Systematic bias in transport model calibration arising from the variability of linear data projection

Abstract

In transportation and traffic planning studies, accurate traffic data are required for reliable model calibration to accurately predict transportation system performance and ensure better traffic planning. However, it is impractical to gather data from an entire population for such estimations because the widely used loop detectors and other more advanced wireless sensors may be limited by various factors. Thus, making data inferences based on smaller populations is generally inevitable. Linear data projection is a commonly and intuitively adopted method for inferring population traffic characteristics. It projects a sample of observable traffic quantities such as traffic count based on a set of scaling factors. However, scaling factors are subject to different types of variability such as spatial variability. Models calibrated based on linearly projected data that do not account for variability may introduce a systematic bias into their parameters.
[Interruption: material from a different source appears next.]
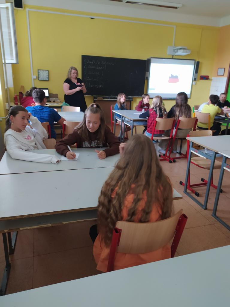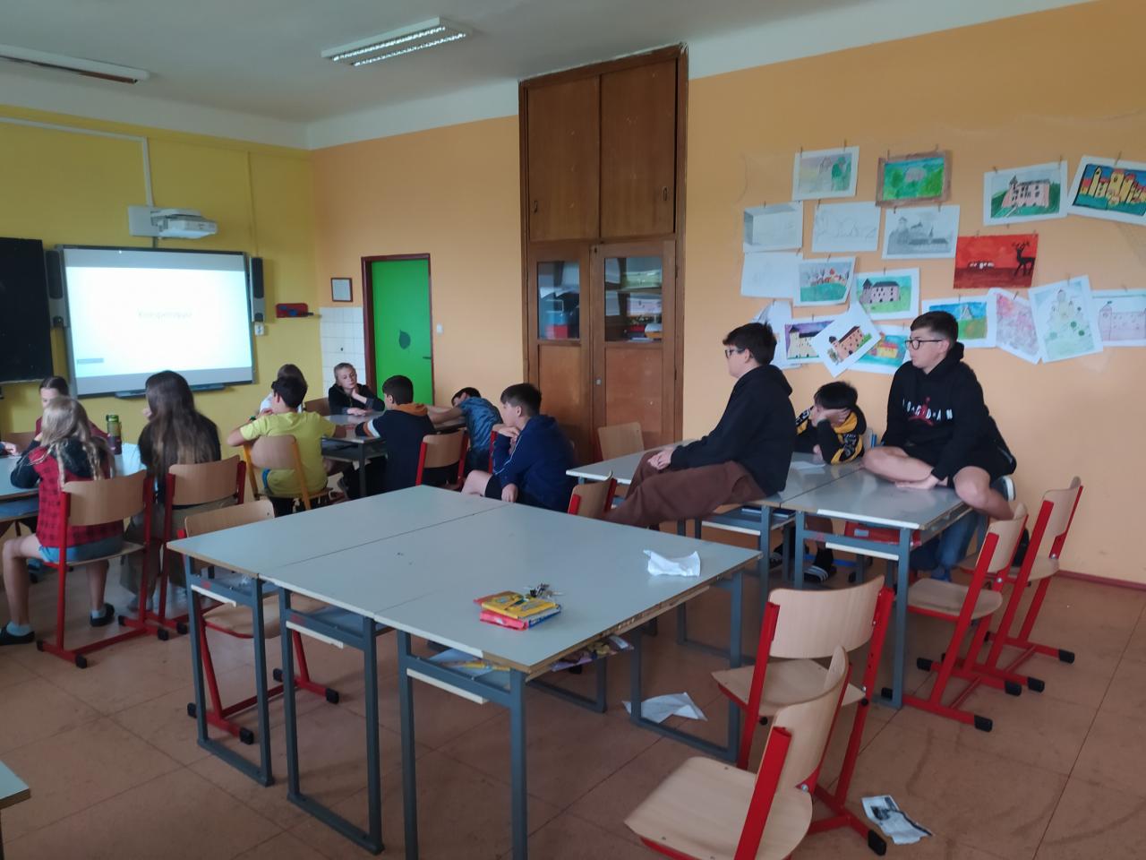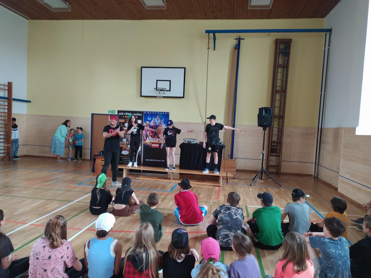 zpívání na radnici, hry a výuka ve třídě, akce v tělocvičně a na školní zahradě..

Such a bias is surprisingly often ignored. This paper reveals the existence of a systematic bias in model calibration caused by variability in the linear data projection. A generalized multivariate polynomial model is applied to examine the effect of this variability on model parameters. Adjustment factors are derived and methods are proposed for detecting and removing the embedded systematic bias. A simulation is used to demonstrate the effectiveness of the proposed method. To illustrate the applicability of the method, case studies are conducted using real-world global positioning system data obtained from taxis. These data calibrate the Macroscopic Bureau of Public Road function for six 1 × 1 km regions in Hong Kong.